=== Section Start ===

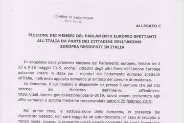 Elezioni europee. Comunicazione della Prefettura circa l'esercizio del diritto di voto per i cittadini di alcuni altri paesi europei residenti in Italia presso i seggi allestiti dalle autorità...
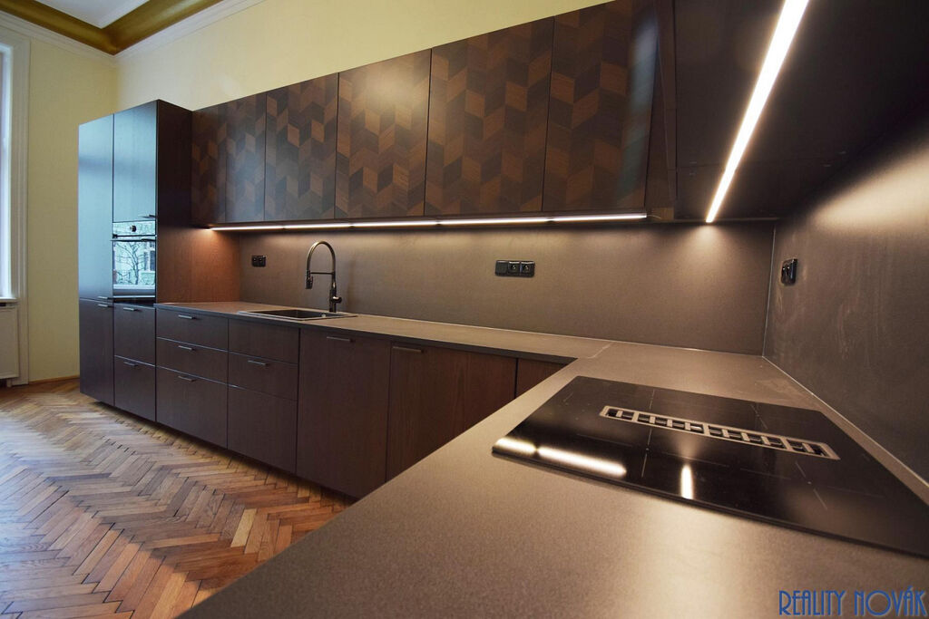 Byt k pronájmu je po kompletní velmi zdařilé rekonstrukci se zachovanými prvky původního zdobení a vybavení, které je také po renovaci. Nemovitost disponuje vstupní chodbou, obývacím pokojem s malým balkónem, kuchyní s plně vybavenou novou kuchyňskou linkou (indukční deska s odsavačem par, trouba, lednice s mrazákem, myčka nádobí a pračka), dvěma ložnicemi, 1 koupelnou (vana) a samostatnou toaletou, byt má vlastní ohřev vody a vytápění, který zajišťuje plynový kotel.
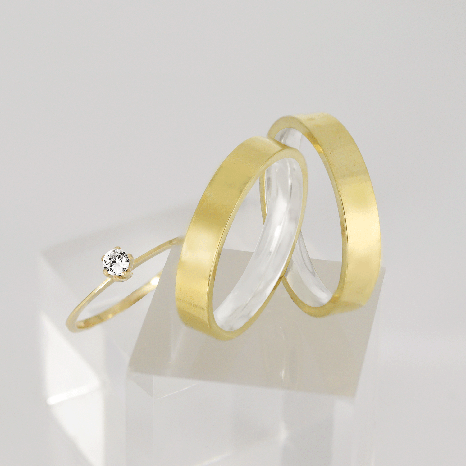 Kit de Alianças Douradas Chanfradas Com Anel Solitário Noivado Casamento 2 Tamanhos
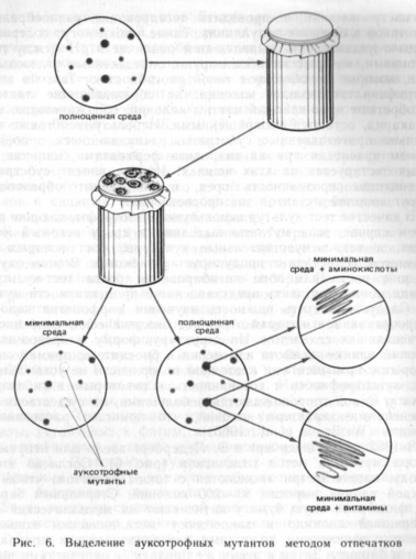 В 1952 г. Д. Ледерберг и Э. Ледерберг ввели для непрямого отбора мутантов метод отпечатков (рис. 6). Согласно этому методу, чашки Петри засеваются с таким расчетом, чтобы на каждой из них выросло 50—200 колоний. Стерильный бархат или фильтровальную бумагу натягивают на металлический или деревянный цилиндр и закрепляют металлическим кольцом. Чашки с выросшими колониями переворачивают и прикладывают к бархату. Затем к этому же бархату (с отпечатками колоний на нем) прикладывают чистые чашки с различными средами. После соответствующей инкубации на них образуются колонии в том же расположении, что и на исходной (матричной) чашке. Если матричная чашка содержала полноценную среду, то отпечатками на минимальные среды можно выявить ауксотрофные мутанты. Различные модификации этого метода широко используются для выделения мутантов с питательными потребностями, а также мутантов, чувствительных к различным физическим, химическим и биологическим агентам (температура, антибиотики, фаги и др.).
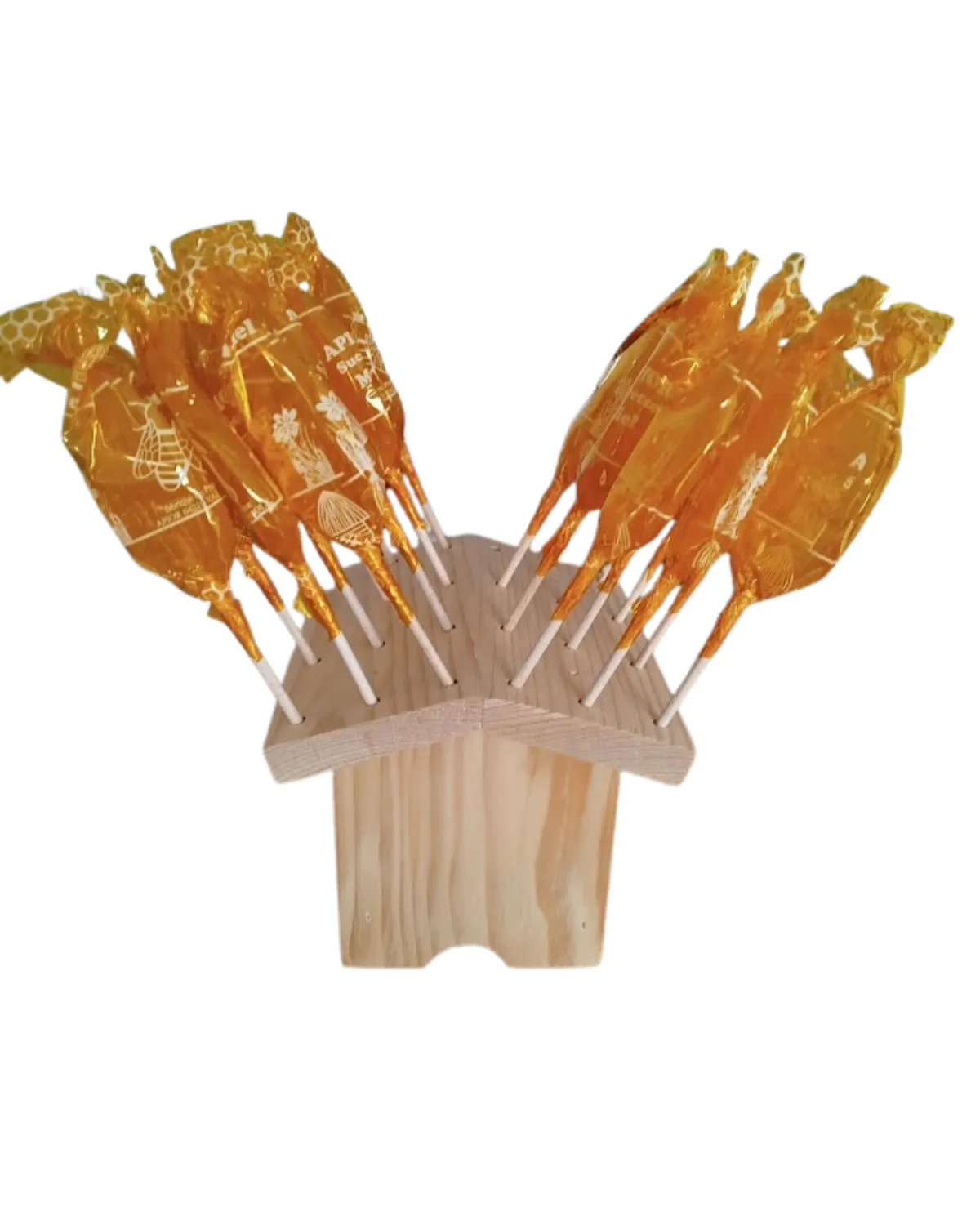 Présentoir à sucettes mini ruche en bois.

=== Section End ===

### [Brief]
Produce a verbatim copy of the listing, leaving out all pictures.

### [Task output]
 Elezioni europee. Comunicazione della Prefettura circa l'esercizio del diritto di voto per i cittadini di alcuni altri paesi europei residenti in Italia presso i seggi allestiti dalle autorità...
 Byt k pronájmu je po kompletní velmi zdařilé rekonstrukci se zachovanými prvky původního zdobení a vybavení, které je také po renovaci. Nemovitost disponuje vstupní chodbou, obývacím pokojem s malým balkónem, kuchyní s plně vybavenou novou kuchyňskou linkou (indukční deska s odsavačem par, trouba, lednice s mrazákem, myčka nádobí a pračka), dvěma ložnicemi, 1 koupelnou (vana) a samostatnou toaletou, byt má vlastní ohřev vody a vytápění, který zajišťuje plynový kotel.
 Kit de Alianças Douradas Chanfradas Com Anel Solitário Noivado Casamento 2 Tamanhos
 В 1952 г. Д. Ледерберг и Э. Ледерберг ввели для непрямого отбора мутантов метод отпечатков (рис. 6). Согласно этому методу, чашки Петри засеваются с таким расчетом, чтобы на каждой из них выросло 50—200 колоний. Стерильный бархат или фильтровальную бумагу натягивают на металлический или деревянный цилиндр и закрепляют металлическим кольцом. Чашки с выросшими колониями переворачивают и прикладывают к бархату. Затем к этому же бархату (с отпечатками колоний на нем) прикладывают чистые чашки с различными средами. После соответствующей инкубации на них образуются колонии в том же расположении, что и на исходной (матричной) чашке. Если матричная чашка содержала полноценную среду, то отпечатками на минимальные среды можно выявить ауксотрофные мутанты. Различные модификации этого метода широко используются для выделения мутантов с питательными потребностями, а также мутантов, чувствительных к различным физическим, химическим и биологическим агентам (температура, антибиотики, фаги и др.).
 Présentoir à sucettes mini ruche en bois.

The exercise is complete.